Note: The following is only a Rule of Thumb, but it’s based on experience in traveling the
country and speaking with other industry leaders and with my work with clients.

  1. Marketing is typically 4% to 10% (or more) of last year’s gross sales. 4% being conservative and typically a mature company just looking to replace customers who get sick, move, quit and more. And 10% (or more) is for a company that is highly aggressive and looking to continue to grow and/or grow fast. (Note: You want to run your company on percentages because as you go and grow the numbers get very scary. If I say spend 10% of sales on advertising and you’re at $1 million that means you’d be spending $100,000, and next year you are at $4 million and you only spend $200,000, that’s only 5%, meaning you’ve dropped the percentage.)
  2. Staffing Ratio affects the numbers. A desired ratio of 2 employees in the field making money for every 1 employee on the inside or 2:1. Yes, 1.5 to 1 is still acceptable. But typically a 1 to 1 ratio is a danger sign.
  3. Gross profit should be 50 to 70%. The more service you do the more it should lean more toward 70%, and the more install you do the more it tends to lean toward 50%, and there are reasons for this.
  4. Having a high net profit of say 8% to 20% is only necessary if you need it to show the banks regular reporting or you’re preparing to sell. The focus needs to be on hitting top line gross sales and gross profit targets first and foremost. Not one or the other… both! (Note: Another reason I don’t get overly focused on net profit is I know I can “massage it” anyway I want by paying the owner and managers more salary, profit sharing, and bonuses to name a few ways. Plus, I can load up on other types of compensation and perks.)
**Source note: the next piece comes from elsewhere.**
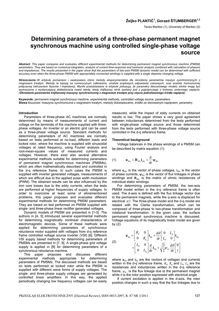 Željko PLANTIĆ1, Gorazd ŠTUMBERGER1,2 Teces Maribor (1), University of Maribor (2) Determining parameters of a three-phase permanent magnet synchronous machine using controlled single-phase voltage source Abstract. This paper compares and evaluates different experimental methods for determining permanent magnet synchronous machine (PMSM) parameters. They are based on numerical integration, analysis of current time-response and harmonic analysis combined with calculation of phasors and impedances. The results presented in the paper show that the parameters of two-axis PMSM dynamic model can be determined with sufficient accuracy even when the three-phase PMSM with appropriately connected windings is supplied with a single stepwise changing voltage. Streszczenie..W artykule porównano i ewaluowano różne metody eksperymentalne dla określenia parametrów maszyn synchronicznych z magnesem trwałym. Metody te bazują na numerycznym całkowaniu, analizie prądowych odpowiedzi czasowych, oraz analizie harmonicznej połączonej obliczaniem fazorów i impedancji. Wyniki przedstawiane w artykule pokazują, że parametry dwuosiowego modelu silnika mogą być wyznaczone z wystarczającą dokładnością nawet wtedy, kiedy trójfazowy silnik zasilany jest z pojedynczego z krokowo zmiennego napięcia. (Określanie parametrów trójfazowej maszyny synchronicznej z magnesem trwałym przy użyciu jednofazowego źródła napięcia) Keywords: permanent magnet synchronous machine, experimental methods, controlled voltage source, parameters. Słowa kluczowe: maszyna synchroniczna z magnesem trwałym, metody doświadczalne, źródło ze sterowanym napięciem, parametry Introduction Parameters of three-phase AC machines are normally determined by means of measurements of current and voltage on the terminals of the machine supplied with threephase voltages. An inverter or an electric grid can be used as a three-phase voltage source. Standard methods for determining parameters of AC machines are normally based on tests performed at no-load, different loads and locked rotor, where the machine is supplied with sinusoidal voltages at rated frequency, using Fourier analysis and root-mean-square values of measured currents and voltages. However, there exist also several alternative experimental methods suitable for determining parameters of permanent magnet synchronous machines (PMSMs), which are often mathematically described and controlled in the d-q reference frame. In such cases the PMSM is supplied with inverter generated voltages, measurements of which are difficult due to the applied pulse width modulation (PWM). The obtained results can be also influenced by the iron core losses due to the eddy currents, when the tests are performed at higher frequencies of supply voltages. In order to overcome at least some of aforementioned problems, this paper proposes and evaluates different experimental methods for determining PMSM parameters. They are based on test performed on PMSM supplied with single- and three-phase linear rectifier generated voltages. Dynamic models of PMSM are presented in [1-3]. The authors in [4, 5] introduced several experimental methods for determining magnetically nonlinear characteristics of electromagnetic devices. Some of these methods were applied for determining parameters of synchronous reluctance motor supplied with voltages from d-q reference frame controlled voltage source inverter (VSI) [6]. Different VSI supply based methods for determining parameters of PMSMs are presented in [7, 8]. A single-phase grid voltage supply is applied in [9] for determining parameters of a synchronous reluctance machine. This paper proposes and discusses different experimental methods appropriate for determining parameters of PMSMs. The discussed methods are based on tests performed at locked rotor while the PMSM is supplied with different wave forms of supply voltages. The single- and three-phase supply voltages are generated by controlled linear amplifiers. In this way, the applied periodically changing low frequency voltages can be easily measured, while the impact of eddy currents on obtained results is low. The paper shows a very good agreement between inductances determined from the tests performed with single-phase voltage source and those determined from the tests performed with three-phase voltage source controlled in the d-q reference frame. Theoretical background Voltage balances in the phase windings of a PMSM can be described by matrix equation (1): (1) u abc R abc i abc d ψabc dt where uabc is the vector of phase voltages, iabc is the vector of phase currents, ψabc is the vector of flux linkages in phase windings and Rabc is the matrix of ohmic resistances of individual stator windings. For determining parameters of PMSM, the two-axis PMSM model written in the d-q reference frame is often used. The d-axis is defined with the flux linkage vector due to the permanent magnets, while the q-axis is displaced for electrical /2. The three-phase model and the d-q model are related with the Clarke transformation, which can be composed of three-phase to two-phase transformation and rotational transformation. In the given case, the surface permanent magnet synchronous machine is discussed. Voltage equations of its magnetically linear model are given by (2): (2) Rd 0 d u dq i dq dt 0 Rq Ld 0 d i dq 0 Lq dt 0 L d Lq i 0 dq 3 d 0 m 2 dt 1 where udq and idq are the vectors of voltages and currents written in the d-q reference frame, Rd, Rq and Ld, Lq are the resistances and inductances written in the d-q reference frame, ψm is the flux linkage due to the permanent magnet while θ is the rotor position expressed with electrical angle . If current excitation is applied in the d-axis, the rotor position changes in such a way that the flux linkages due to PRZEGLĄD ELEKTROTECHNICZNY (Electrical Review), ISSN 0033-2097, R. 87 NR 3/2011 137 supply. The d- and q-axis inductances are determined in the sa
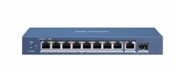 DS-3E0510P-E to wysokiej jakości niezarządzalny Switch Gigabit PoE warstwy 2, oferujące 8 portów Gigabit PoE, jeden port RJ45 10/100/1000 Mb/s i jeden port światłowodowy SFP 10/100/1000 Mb/s. Przełączniki zapewniają zaawansowaną technologię PoE i łączą inne urządzenia z wysoką wydajnością. Tymczasem wszystkie gigabitowe porty gwarantują stabilną transmisję danych.

  5. A CSR conversion rate of 75% or higher.
  6. A Service Tech conversion rate of 75% or higher.
  7. $250,000 per truck per year was a good goal in the past. The goal has been trending toward averaging $300,000 per truck per year. The best shops are averaging $350,000 and up. Anything below $250,000 is a caution flag.
  8. I like to see a budget line item for year-round recruiting, hiring, and training that is at least 0.5% to 1% of last year’s sales
  9. 10% to 20% material cost is to the total sales for a purer service and repair company.
  10. 25% to 40% material cost is to the total sales for purer new construction and remodel company.

Get focused on these key percentages and engineer a change that will get you focused on making the real-world accounting numbers work for you.